» Task prompt: Only the lines from the one containing "The 1929 riots,Telegram" to the end of the records belong in the copy. Reproduce them word for word and drop the pictures.
(Data)
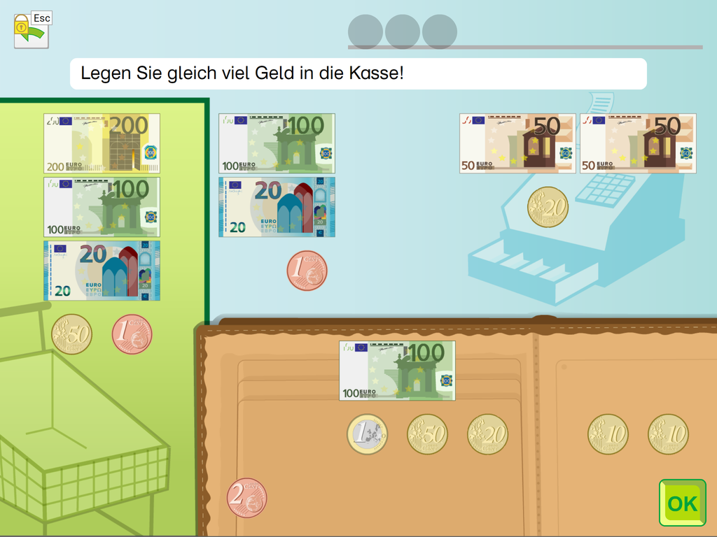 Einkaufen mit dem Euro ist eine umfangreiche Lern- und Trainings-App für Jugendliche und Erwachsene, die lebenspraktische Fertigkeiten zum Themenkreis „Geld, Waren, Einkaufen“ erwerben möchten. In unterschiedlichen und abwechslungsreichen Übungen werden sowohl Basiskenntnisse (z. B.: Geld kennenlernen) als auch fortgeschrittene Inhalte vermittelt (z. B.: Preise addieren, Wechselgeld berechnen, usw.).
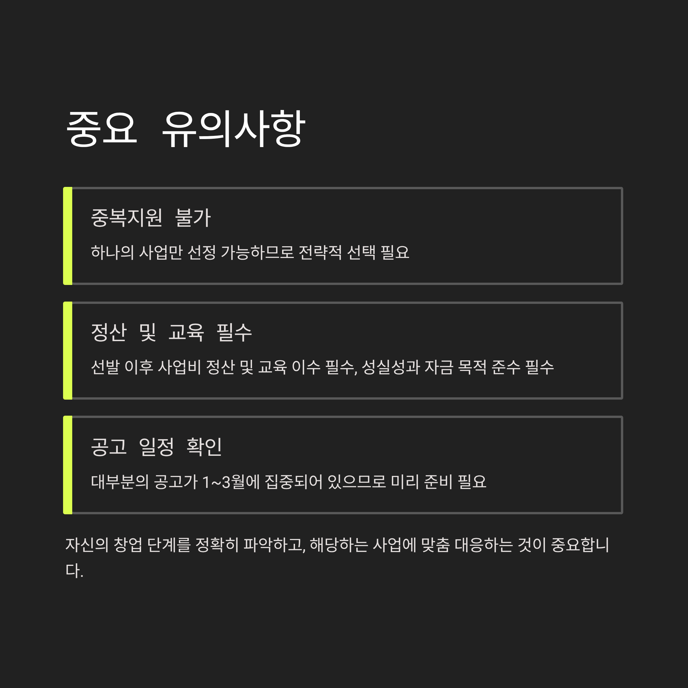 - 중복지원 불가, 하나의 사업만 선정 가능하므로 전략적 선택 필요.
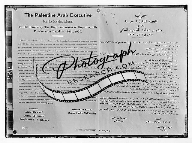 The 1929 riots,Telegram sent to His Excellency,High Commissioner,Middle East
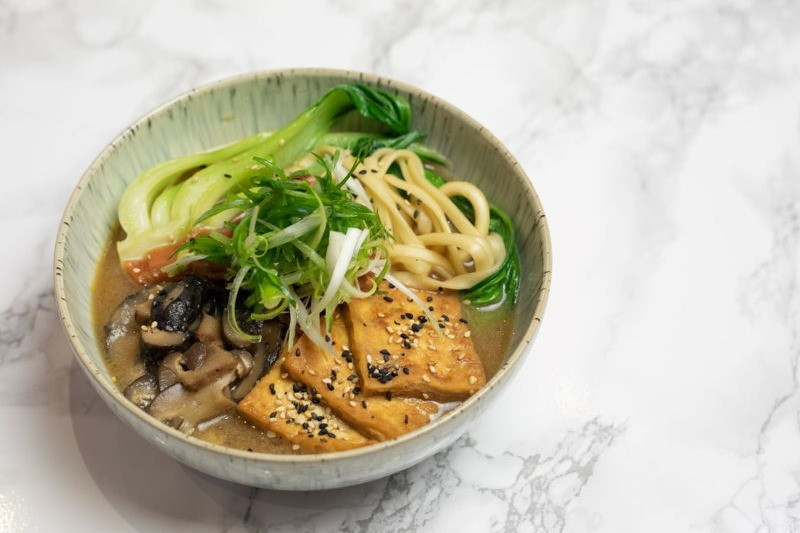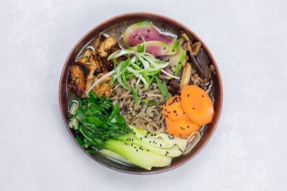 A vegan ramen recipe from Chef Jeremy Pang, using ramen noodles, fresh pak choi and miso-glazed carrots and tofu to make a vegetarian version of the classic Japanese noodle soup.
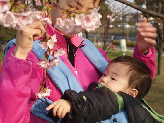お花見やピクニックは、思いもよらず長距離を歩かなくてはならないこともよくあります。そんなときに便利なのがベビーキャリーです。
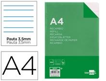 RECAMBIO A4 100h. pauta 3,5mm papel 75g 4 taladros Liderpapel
(End Data)
» Answer to this problem:
 The 1929 riots,Telegram sent to His Excellency,High Commissioner,Middle East
 A vegan ramen recipe from Chef Jeremy Pang, using ramen noodles, fresh pak choi and miso-glazed carrots and tofu to make a vegetarian version of the classic Japanese noodle soup.
お花見やピクニックは、思いもよらず長距離を歩かなくてはならないこともよくあります。そんなときに便利なのがベビーキャリーです。
 RECAMBIO A4 100h. pauta 3,5mm papel 75g 4 taladros Liderpapel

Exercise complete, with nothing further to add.